A critical limitation arises when LLM-based predictors implicitly treat frequently co-occurring patterns as stable causal relationships. Under distribution shifts or policy interventions, such correlation-based entropy minimization can lead to degraded or misleading predictions [13,51,52,53]. For example, TPLLM [49] introduces pretrained LLMs into traffic forecasting by embedding temporal sequences and spatial graphs before probabilistic extrapolation. While the framework demonstrates strong performance, particularly in small-sample scenarios, its inference mechanism remains observational: predictions are generated by extending historical correlations forward in time. When causal mechanisms change, such as new traffic regulations, infrastructure modifications, or extreme weather events, the model lacks the ability to identify or adapt to these shifts, potentially producing high-confidence yet incorrect outputs. In this case, correlation entropy is reduced, but causal uncertainty induced by unobserved interventions remains unresolved.
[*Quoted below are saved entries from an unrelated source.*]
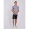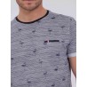 Ritchie Jeans vous propose un basique de la garde-robe masculine revisité, avec un tee shirt manches courtes col rond en pur coton. Sa coupe classique en fait une pièce confortable et sobre. Les détails subtils qui font la différence : les manches retroussées contrastantes, la fausse poche sur la poitrine et le petit motif contrastant fashion en all-over, sur fond rayé. De quoi l'associer parfaitement à un jean de notre collection, pour un style masculin tendance.
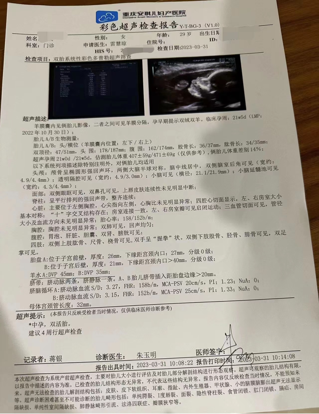目前,孕妈怀孕22周,由于是双胎妊娠,比常规妊娠进行系统四维大排畸的检查时间略提前。此次特地从外地回院进行系统四维大排畸检查,检查由经验丰富的安琪儿超声学科带头人朱玉明操作,检查显示各项指标良好,两个胎宝发育与孕周相符。
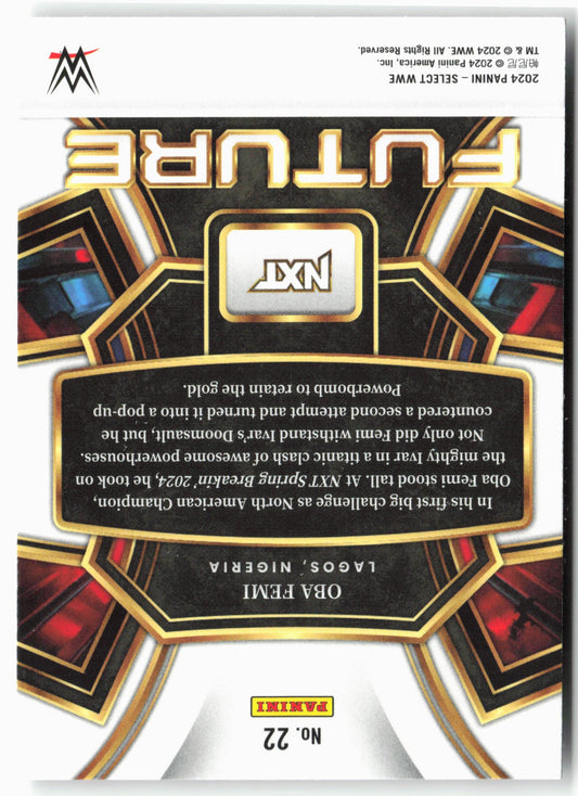 This is a nice example of a 2024 Panini Select WWE #22 Oba Femi Select Future Other important information about this card:In 2024 Oba Femi played for the NXT.Please check...
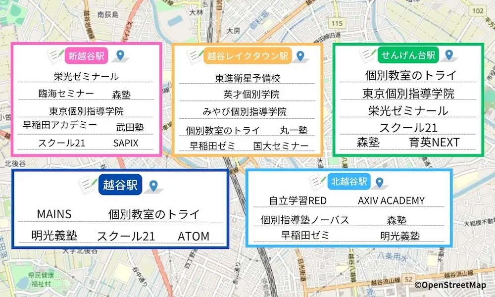 また、越谷駅エリアは越谷市の中でも学習塾が多く集まっている地域なので、学習者に最適な教室がみつけやすい地域と考えられるでしょう。
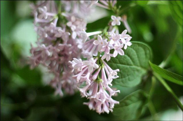 Did you know that lilacs are trees and not bushes? I didn’t know this before meeting this one. They are in the olive family and there are actually 20 to 25 different specimens of Lilac. Ours is one that doesn’t smell very strongly and I’m actually happy about that because with so many blooms, it would have been overwhelming if they smelled as strongly as do the more common ‘French’ lilac. The flowers we get are more delicate and fragile looking and very lightly scented.
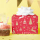Make your holiday gifts extra special with custom name wrapping paper. This elegant design features vintage-style illustrations inspired by the opulence of the Art Deco era. It includes leaping reindeer, festive Christmas trees and stars, paired with stylish retro typography. Personalise the template with the recipient's name, or your family surname. A unique design that combines timeless style with a modern twist! This seamless pattern gift wrap is available with a matte or glossy finish. Printed colours: red, white, and a gold colour.
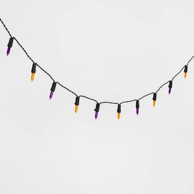 You’ll appreciate the additional lighting and convenience these 60ct LED Battery Operated Halloween Mini String Lights from Hyde & EEK! Boutique™ bring to your seasonal decor. Great for bringing a flexible and fun lighting option to your indoor space, these mini string lights consist of 60 LED smooth purple and orange bulbs on a black wire that give off a cool multicolored glow. Whether you string them along a mantel or place them inside a Halloween prop, you’ll love the way they glow.
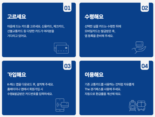 전용 카드 (선불형 또는 후불형) 발급 후, K-패스 홈페이지를 통해 더 경기패스 신청 회원가입을 하면 되는데 가입방법은 아래와 같습니다.
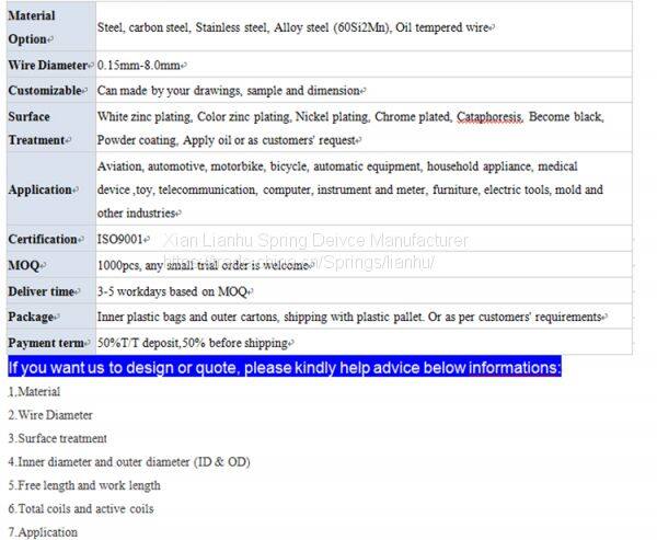 Мы являемся производителем пружин из Китая. Наши продукты включают: сжимающие пружины, растягивающие пружины, крутильные пружины, проволочные пружины, тарельчатые пружины и др. Можете ли вы предоставить чертежи требуемых пружин? Таким образом мы сможем вам предложить точную цену.чертежи требуемых пружин? Таким образом мы сможем вам предложить точную цену.

Similar limitations are observed in GPT4TFP [50], which employs spatio-temporal fusion via multi-head attention and leverages a frozen pretrained LLM to enhance predictive accuracy. Although the model achieves state-of-the-art performance on datasets such as NYCTaxi and CitiBike, its success relies on the strong stationarity assumption that historical traffic correlations persist. In practice, traffic systems are open and intervention-driven, where events such as pandemic controls or the opening of new transit lines fundamentally alter causal dependencies. GPT4TFP, like other correlation-centric approaches, cannot distinguish spurious correlations from causal relationships, nor can it quantify uncertainty stemming from unknown or changing mechanisms. Consequently, its uncertainty estimates reflect dispersion within observed correlations rather than causal (epistemic) uncertainty about unseen interventions or structural shifts.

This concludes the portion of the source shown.